ElECtRosPRAY thrusters electrostatically emit and accelerate ions and/or charged droplets for thrust in the Isp range of 150–6000 seconds. A common choice of propellant for electric propulsion applications is the ionic liquid 1-ethyl-3-methylimidazolium bis (triflouromethylsulfonyl) imide (EMI-Im), which exhibits the favorable properties of low vapor pressure, high conductivity, and low viscosity. Electrospray devices offer unique benefits including passive propellant flow, unpressurized propellant storage, and a wide range of thrust-to-power ratio for devices. The primary drawback of electrospray thrusters is the short lifetimes of existing devices. 1 Current efforts at the University of California, Los Angeles (UCLA) Plasma and Space Propulsion Laboratory (PSPL) are focused on investigating lifetime and performance of electrospray thrusters, 2 specifically the Colloid Microthruster Technology (CMT) for the Laser Interferometer Space Antenna (LISA) project.

As part of this effort, several mechanisms contributing to lifetime reduction of electrospray devices have been identified and are presented in. 1, 3–6 The primary concern for electrospray lifetime is overspray, where propellant at wide plume angles impinges on the extractor and accelerator grids/electrodes.

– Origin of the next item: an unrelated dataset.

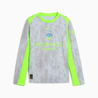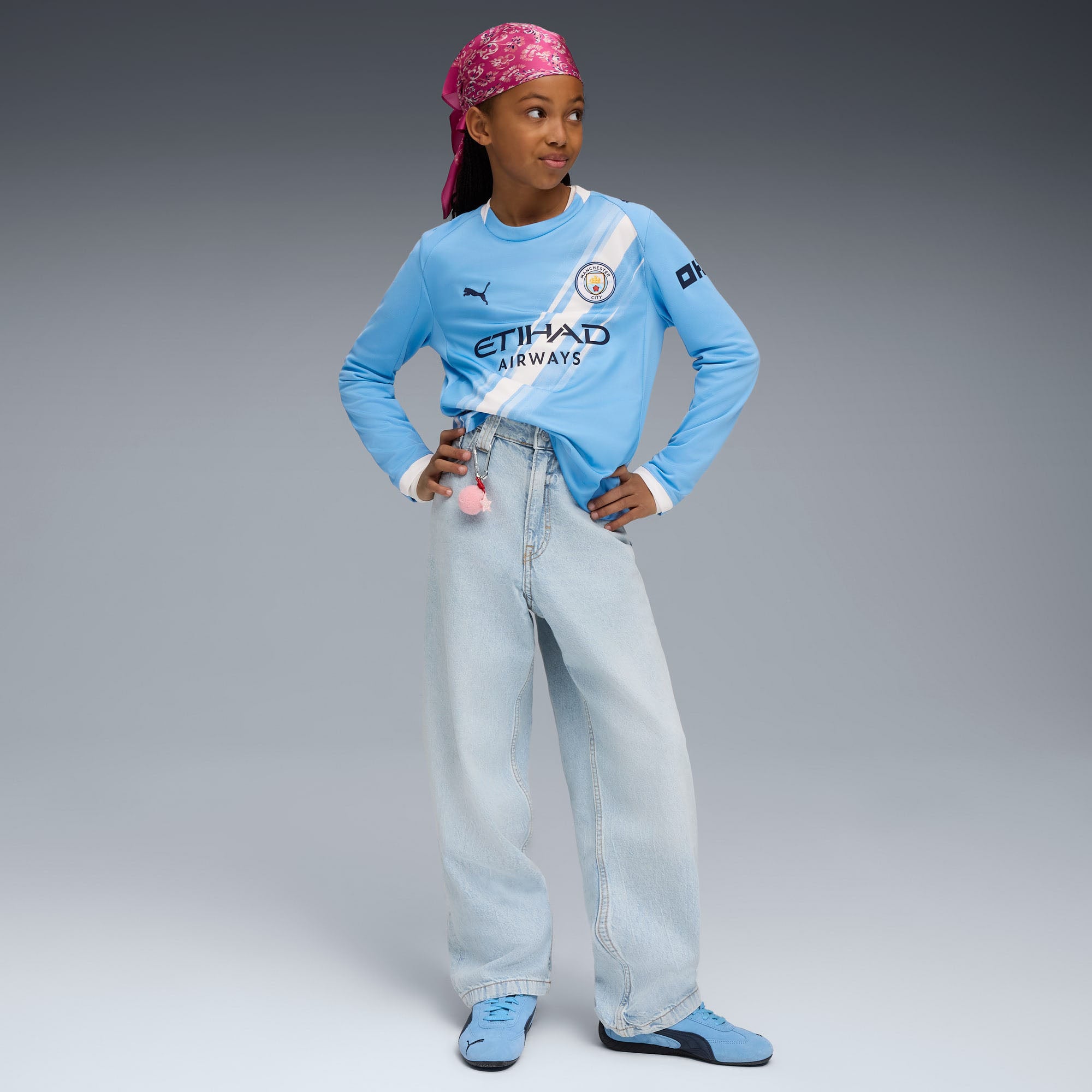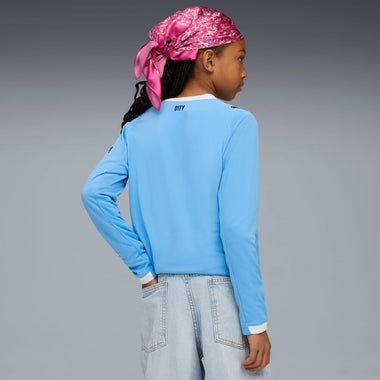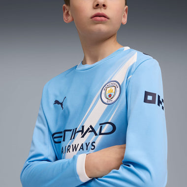 For the first time in club history, the home kit features the sash – the diagonal stripe design made iconic on away days. Paired with the unmistakable Sky Blue and reimagined for the next generation, it’s a connection to our past, a nod to our future, and a reminder that we do things differently here, on and off the pitch.

Addressing this failure mechanism requires a rigorous understanding of the plume profiles, specifically the mass flux and current density profiles. While electrospray plume current density profiles for devices operated in dropletmode using EMI-Im propellant have been previously measured, 7 the existing data are not resolved to high half-angles that are of significance for lifetime investigation efforts. Additionally, the only measurements of mass flux of EMI-Im were conducted for an externally-wetted emitter operated in a low flow rate regime, 8 and indicated negative flux beyond 20◦ in the high half-angle region that is of significance for lifetime investigation. Using data-fitting techniques on these measurements to extrapolate the properties at high half-angles has proved challenging as uncertainty overwhelms the data fit values beyond the range of the experimental data. Current density and mass flux measurements in the large half-angle regions (impingement regions) can greatly improve understanding of electrospray performance and lifetime. The objective of this study is to obtain and analyze charge-and mass-flux measurements of an ionic liquid electrospray plume to investigate implications on thruster performance and lifetime.